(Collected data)

----------------------------------------

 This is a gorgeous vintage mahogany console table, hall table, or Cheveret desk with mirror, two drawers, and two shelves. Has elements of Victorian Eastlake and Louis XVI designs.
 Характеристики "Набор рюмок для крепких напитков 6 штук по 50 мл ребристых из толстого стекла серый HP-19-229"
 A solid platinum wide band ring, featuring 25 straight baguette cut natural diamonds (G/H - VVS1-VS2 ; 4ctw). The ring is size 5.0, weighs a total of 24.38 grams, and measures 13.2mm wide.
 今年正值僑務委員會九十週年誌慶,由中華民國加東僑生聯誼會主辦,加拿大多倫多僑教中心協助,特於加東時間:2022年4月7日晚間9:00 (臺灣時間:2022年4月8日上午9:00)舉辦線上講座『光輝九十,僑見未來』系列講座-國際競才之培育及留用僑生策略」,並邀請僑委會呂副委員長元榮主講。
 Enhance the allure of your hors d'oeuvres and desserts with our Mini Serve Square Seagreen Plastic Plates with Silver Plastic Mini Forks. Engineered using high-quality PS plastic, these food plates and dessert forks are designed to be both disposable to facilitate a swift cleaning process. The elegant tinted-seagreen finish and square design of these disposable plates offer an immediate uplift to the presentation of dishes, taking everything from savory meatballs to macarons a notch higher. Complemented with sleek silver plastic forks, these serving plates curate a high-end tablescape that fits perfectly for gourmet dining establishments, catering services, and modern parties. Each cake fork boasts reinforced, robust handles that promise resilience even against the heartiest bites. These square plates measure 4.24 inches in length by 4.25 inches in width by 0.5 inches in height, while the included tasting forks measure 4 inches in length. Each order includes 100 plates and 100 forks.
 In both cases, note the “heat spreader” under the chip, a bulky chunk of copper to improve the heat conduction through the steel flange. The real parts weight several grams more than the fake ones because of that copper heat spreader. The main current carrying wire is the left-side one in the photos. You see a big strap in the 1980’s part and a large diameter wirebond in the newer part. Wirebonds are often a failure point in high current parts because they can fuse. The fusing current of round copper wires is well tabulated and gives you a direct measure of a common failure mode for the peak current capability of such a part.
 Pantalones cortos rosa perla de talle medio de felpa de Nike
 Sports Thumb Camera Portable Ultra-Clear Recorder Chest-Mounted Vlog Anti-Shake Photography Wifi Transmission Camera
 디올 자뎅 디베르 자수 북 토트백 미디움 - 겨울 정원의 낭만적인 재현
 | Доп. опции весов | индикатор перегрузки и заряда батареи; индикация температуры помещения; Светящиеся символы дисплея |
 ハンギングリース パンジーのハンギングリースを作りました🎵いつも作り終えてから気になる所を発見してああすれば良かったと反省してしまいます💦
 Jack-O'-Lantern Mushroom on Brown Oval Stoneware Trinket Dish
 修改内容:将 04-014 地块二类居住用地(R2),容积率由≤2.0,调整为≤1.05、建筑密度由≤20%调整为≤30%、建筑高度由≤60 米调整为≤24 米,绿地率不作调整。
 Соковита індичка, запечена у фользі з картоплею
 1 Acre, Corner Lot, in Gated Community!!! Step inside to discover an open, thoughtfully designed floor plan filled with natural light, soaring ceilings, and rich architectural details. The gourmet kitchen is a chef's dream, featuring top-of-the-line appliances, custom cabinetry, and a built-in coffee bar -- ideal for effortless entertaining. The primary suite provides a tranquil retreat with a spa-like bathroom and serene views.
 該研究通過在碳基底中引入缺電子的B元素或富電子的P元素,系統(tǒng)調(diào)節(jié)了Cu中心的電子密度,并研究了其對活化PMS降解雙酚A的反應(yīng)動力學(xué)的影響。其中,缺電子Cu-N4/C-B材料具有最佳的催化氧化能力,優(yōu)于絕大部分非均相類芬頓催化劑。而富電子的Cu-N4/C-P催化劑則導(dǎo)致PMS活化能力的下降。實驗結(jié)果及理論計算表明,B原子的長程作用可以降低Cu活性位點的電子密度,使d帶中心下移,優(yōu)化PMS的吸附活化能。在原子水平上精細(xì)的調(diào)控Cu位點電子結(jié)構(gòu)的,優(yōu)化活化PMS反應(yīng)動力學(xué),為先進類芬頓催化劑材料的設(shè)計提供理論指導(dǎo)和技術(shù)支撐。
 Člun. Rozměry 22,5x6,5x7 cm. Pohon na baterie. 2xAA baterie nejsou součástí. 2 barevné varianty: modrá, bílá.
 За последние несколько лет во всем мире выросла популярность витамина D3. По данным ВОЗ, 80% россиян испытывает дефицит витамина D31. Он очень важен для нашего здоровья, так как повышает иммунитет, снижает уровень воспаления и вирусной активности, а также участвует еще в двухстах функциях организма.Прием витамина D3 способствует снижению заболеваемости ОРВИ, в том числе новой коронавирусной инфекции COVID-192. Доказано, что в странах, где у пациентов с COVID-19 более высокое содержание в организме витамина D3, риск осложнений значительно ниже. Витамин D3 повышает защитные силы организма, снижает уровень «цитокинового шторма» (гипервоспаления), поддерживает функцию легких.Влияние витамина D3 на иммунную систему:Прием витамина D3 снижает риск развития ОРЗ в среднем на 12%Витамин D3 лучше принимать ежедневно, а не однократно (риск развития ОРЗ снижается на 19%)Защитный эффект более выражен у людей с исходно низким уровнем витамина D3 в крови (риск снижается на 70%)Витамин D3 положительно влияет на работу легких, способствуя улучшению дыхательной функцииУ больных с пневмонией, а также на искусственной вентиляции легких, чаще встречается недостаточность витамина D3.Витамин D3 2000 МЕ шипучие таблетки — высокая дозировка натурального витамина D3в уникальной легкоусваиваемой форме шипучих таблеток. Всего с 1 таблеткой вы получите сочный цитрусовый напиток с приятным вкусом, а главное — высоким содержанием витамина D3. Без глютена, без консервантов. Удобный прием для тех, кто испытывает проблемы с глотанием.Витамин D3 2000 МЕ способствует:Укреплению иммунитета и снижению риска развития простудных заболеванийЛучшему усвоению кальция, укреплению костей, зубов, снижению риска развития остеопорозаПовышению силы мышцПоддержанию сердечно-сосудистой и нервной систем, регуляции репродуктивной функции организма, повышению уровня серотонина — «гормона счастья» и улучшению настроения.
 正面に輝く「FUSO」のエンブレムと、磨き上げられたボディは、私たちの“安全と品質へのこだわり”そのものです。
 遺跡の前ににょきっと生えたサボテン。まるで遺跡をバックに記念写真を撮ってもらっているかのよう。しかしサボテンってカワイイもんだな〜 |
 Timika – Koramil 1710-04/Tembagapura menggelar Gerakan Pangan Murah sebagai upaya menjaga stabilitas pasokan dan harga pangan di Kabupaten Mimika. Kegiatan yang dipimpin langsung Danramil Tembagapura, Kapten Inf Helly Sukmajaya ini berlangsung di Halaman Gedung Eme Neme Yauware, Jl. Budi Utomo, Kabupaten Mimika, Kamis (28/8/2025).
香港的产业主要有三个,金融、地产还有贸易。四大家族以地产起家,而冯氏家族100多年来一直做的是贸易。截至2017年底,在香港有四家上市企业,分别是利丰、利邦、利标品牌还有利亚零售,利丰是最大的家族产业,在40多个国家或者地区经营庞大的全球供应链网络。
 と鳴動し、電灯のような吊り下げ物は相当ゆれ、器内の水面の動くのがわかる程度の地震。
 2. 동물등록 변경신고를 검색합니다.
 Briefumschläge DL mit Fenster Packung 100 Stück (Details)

----------------------------------------

Work item. Retype all of the entries exactly, please.

Response to this exercise.
 This is a gorgeous vintage mahogany console table, hall table, or Cheveret desk with mirror, two drawers, and two shelves. Has elements of Victorian Eastlake and Louis XVI designs.
 Характеристики "Набор рюмок для крепких напитков 6 штук по 50 мл ребристых из толстого стекла серый HP-19-229"
 A solid platinum wide band ring, featuring 25 straight baguette cut natural diamonds (G/H - VVS1-VS2 ; 4ctw). The ring is size 5.0, weighs a total of 24.38 grams, and measures 13.2mm wide.
 今年正值僑務委員會九十週年誌慶,由中華民國加東僑生聯誼會主辦,加拿大多倫多僑教中心協助,特於加東時間:2022年4月7日晚間9:00 (臺灣時間:2022年4月8日上午9:00)舉辦線上講座『光輝九十,僑見未來』系列講座-國際競才之培育及留用僑生策略」,並邀請僑委會呂副委員長元榮主講。
 Enhance the allure of your hors d'oeuvres and desserts with our Mini Serve Square Seagreen Plastic Plates with Silver Plastic Mini Forks. Engineered using high-quality PS plastic, these food plates and dessert forks are designed to be both disposable to facilitate a swift cleaning process. The elegant tinted-seagreen finish and square design of these disposable plates offer an immediate uplift to the presentation of dishes, taking everything from savory meatballs to macarons a notch higher. Complemented with sleek silver plastic forks, these serving plates curate a high-end tablescape that fits perfectly for gourmet dining establishments, catering services, and modern parties. Each cake fork boasts reinforced, robust handles that promise resilience even against the heartiest bites. These square plates measure 4.24 inches in length by 4.25 inches in width by 0.5 inches in height, while the included tasting forks measure 4 inches in length. Each order includes 100 plates and 100 forks.
 In both cases, note the “heat spreader” under the chip, a bulky chunk of copper to improve the heat conduction through the steel flange. The real parts weight several grams more than the fake ones because of that copper heat spreader. The main current carrying wire is the left-side one in the photos. You see a big strap in the 1980’s part and a large diameter wirebond in the newer part. Wirebonds are often a failure point in high current parts because they can fuse. The fusing current of round copper wires is well tabulated and gives you a direct measure of a common failure mode for the peak current capability of such a part.
 Pantalones cortos rosa perla de talle medio de felpa de Nike
 Sports Thumb Camera Portable Ultra-Clear Recorder Chest-Mounted Vlog Anti-Shake Photography Wifi Transmission Camera
 디올 자뎅 디베르 자수 북 토트백 미디움 - 겨울 정원의 낭만적인 재현
 | Доп. опции весов | индикатор перегрузки и заряда батареи; индикация температуры помещения; Светящиеся символы дисплея |
 ハンギングリース パンジーのハンギングリースを作りました🎵いつも作り終えてから気になる所を発見してああすれば良かったと反省してしまいます💦
 Jack-O'-Lantern Mushroom on Brown Oval Stoneware Trinket Dish
 修改内容:将 04-014 地块二类居住用地(R2),容积率由≤2.0,调整为≤1.05、建筑密度由≤20%调整为≤30%、建筑高度由≤60 米调整为≤24 米,绿地率不作调整。
 Соковита індичка, запечена у фользі з картоплею
 1 Acre, Corner Lot, in Gated Community!!! Step inside to discover an open, thoughtfully designed floor plan filled with natural light, soaring ceilings, and rich architectural details. The gourmet kitchen is a chef's dream, featuring top-of-the-line appliances, custom cabinetry, and a built-in coffee bar -- ideal for effortless entertaining. The primary suite provides a tranquil retreat with a spa-like bathroom and serene views.
 該研究通過在碳基底中引入缺電子的B元素或富電子的P元素,系統(tǒng)調(diào)節(jié)了Cu中心的電子密度,并研究了其對活化PMS降解雙酚A的反應(yīng)動力學(xué)的影響。其中,缺電子Cu-N4/C-B材料具有最佳的催化氧化能力,優(yōu)于絕大部分非均相類芬頓催化劑。而富電子的Cu-N4/C-P催化劑則導(dǎo)致PMS活化能力的下降。實驗結(jié)果及理論計算表明,B原子的長程作用可以降低Cu活性位點的電子密度,使d帶中心下移,優(yōu)化PMS的吸附活化能。在原子水平上精細(xì)的調(diào)控Cu位點電子結(jié)構(gòu)的,優(yōu)化活化PMS反應(yīng)動力學(xué),為先進類芬頓催化劑材料的設(shè)計提供理論指導(dǎo)和技術(shù)支撐。
 Člun. Rozměry 22,5x6,5x7 cm. Pohon na baterie. 2xAA baterie nejsou součástí. 2 barevné varianty: modrá, bílá.
 За последние несколько лет во всем мире выросла популярность витамина D3. По данным ВОЗ, 80% россиян испытывает дефицит витамина D31. Он очень важен для нашего здоровья, так как повышает иммунитет, снижает уровень воспаления и вирусной активности, а также участвует еще в двухстах функциях организма.Прием витамина D3 способствует снижению заболеваемости ОРВИ, в том числе новой коронавирусной инфекции COVID-192. Доказано, что в странах, где у пациентов с COVID-19 более высокое содержание в организме витамина D3, риск осложнений значительно ниже. Витамин D3 повышает защитные силы организма, снижает уровень «цитокинового шторма» (гипервоспаления), поддерживает функцию легких.Влияние витамина D3 на иммунную систему:Прием витамина D3 снижает риск развития ОРЗ в среднем на 12%Витамин D3 лучше принимать ежедневно, а не однократно (риск развития ОРЗ снижается на 19%)Защитный эффект более выражен у людей с исходно низким уровнем витамина D3 в крови (риск снижается на 70%)Витамин D3 положительно влияет на работу легких, способствуя улучшению дыхательной функцииУ больных с пневмонией, а также на искусственной вентиляции легких, чаще встречается недостаточность витамина D3.Витамин D3 2000 МЕ шипучие таблетки — высокая дозировка натурального витамина D3в уникальной легкоусваиваемой форме шипучих таблеток. Всего с 1 таблеткой вы получите сочный цитрусовый напиток с приятным вкусом, а главное — высоким содержанием витамина D3. Без глютена, без консервантов. Удобный прием для тех, кто испытывает проблемы с глотанием.Витамин D3 2000 МЕ способствует:Укреплению иммунитета и снижению риска развития простудных заболеванийЛучшему усвоению кальция, укреплению костей, зубов, снижению риска развития остеопорозаПовышению силы мышцПоддержанию сердечно-сосудистой и нервной систем, регуляции репродуктивной функции организма, повышению уровня серотонина — «гормона счастья» и улучшению настроения.
 正面に輝く「FUSO」のエンブレムと、磨き上げられたボディは、私たちの“安全と品質へのこだわり”そのものです。
 遺跡の前ににょきっと生えたサボテン。まるで遺跡をバックに記念写真を撮ってもらっているかのよう。しかしサボテンってカワイイもんだな〜 |
 Timika – Koramil 1710-04/Tembagapura menggelar Gerakan Pangan Murah sebagai upaya menjaga stabilitas pasokan dan harga pangan di Kabupaten Mimika. Kegiatan yang dipimpin langsung Danramil Tembagapura, Kapten Inf Helly Sukmajaya ini berlangsung di Halaman Gedung Eme Neme Yauware, Jl. Budi Utomo, Kabupaten Mimika, Kamis (28/8/2025).
香港的产业主要有三个,金融、地产还有贸易。四大家族以地产起家,而冯氏家族100多年来一直做的是贸易。截至2017年底,在香港有四家上市企业,分别是利丰、利邦、利标品牌还有利亚零售,利丰是最大的家族产业,在40多个国家或者地区经营庞大的全球供应链网络。
 と鳴動し、電灯のような吊り下げ物は相当ゆれ、器内の水面の動くのがわかる程度の地震。
 2. 동물등록 변경신고를 검색합니다.
 Briefumschläge DL mit Fenster Packung 100 Stück (Details)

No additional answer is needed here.